The recently rich (non retirees) are often a tragic case of

a) lack of life experience

b) lack of financial literacy.

They seldom make smart financial decisions because of their naivety and are easy prey to product spruikers and well oiled marketing machines.  Common scenarios among these situations are residential investment property, syndicated property (commercial – multi ownership), offshore property, mentoring and coaching programmes, online trading, foreign exchange dealing, derivatives (futures and options), business ventures (hotels, cafes, start ups, online, IT).  This group falls into: recently rich;

a) a sizeable increase in income or recently rich

b) inheritors, Lotto winners, business sale.

 

People who could represent;

a) are: rock stars, sports people, business successes with ongoing large incomes.  People who represent type

b) are: inheritors, Lotto winners – business sales – however, both groups share similar threats and opportunities.

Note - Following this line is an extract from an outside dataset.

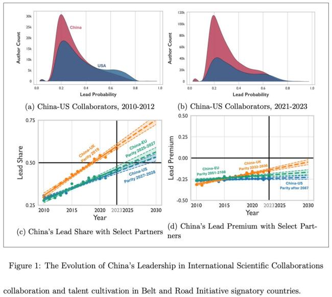 在全球科研合作团队中,中国科学家正快速缩小与美欧在领导力上的差距。数据显示,2010年中美合作论文中担任团队领导的中国科研人员仅占约30%,而到2023年这一比例已升至45%。预计在2027年前后,中国与美国科研合作中的领导者占比将达到平衡。尽管如此,在人均领导力方面,中国仍需长时间追赶。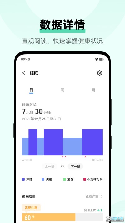 2.有貼心的睡眠質量監測功能,結合科學的睡眠和健康服務,讓你跑得更快!

What to do with recent windfalls – either, income, capital or both – without self destructing from over indulgence.  The biggest issue with these people is daily decisions and daily disciplines.  Health, relationships and money are all either – at risk or wonderfully enjoyable.

 

For both scenarios – Winners and Retirees.  Newly rich (from income or capital) and people with money in the bank – what is needed is time and due diligence.  The average New Zealander thinks the wealthy make fast decisions.  That is not the case – they take time to analyse and set time framed goals which are measurable.  The wealthy know five key investment secrets:

 

  1. Behaviour.  95% of success with investing comes from your behaviour.  Create a plan.  Take advice.  Work as a team.  Avoid big mistakes.
  2. Accumulate.  Keep putting money aside.  Reserves, alternative funds.
  3. Time.  Time is the best friend of investors if compounding interest is given the time to work.
  4. Inflation.  Is the enemy.  Purchasing power retention is critical.
  5. Avoid the Big Mistakes.  Panic (media beat ups).  Over confidence.  Under diversification.  Focus only to yield and not total return.  Speculation.  Over leverage.  Letting costs, fees, tax determine investment decisions.

 

 

There is no one off silver bullet with investing.  Just as there is no one off silver bullet with health and fitness and no one off silver bullet with relationships.  On the other hand a one off ‘Big Mistake’ can seriously disaffect all three.

The wealthy know how to mitigate those risks and it is seldom because they have more discipline than the ‘not so well off’.  They just have a better team around them.

 

 

 

The information provided in this blog is not intended to be a substitute for professional advice. You may seek appropriate personalised financial advice from a qualified professional to suit your individual circumstances.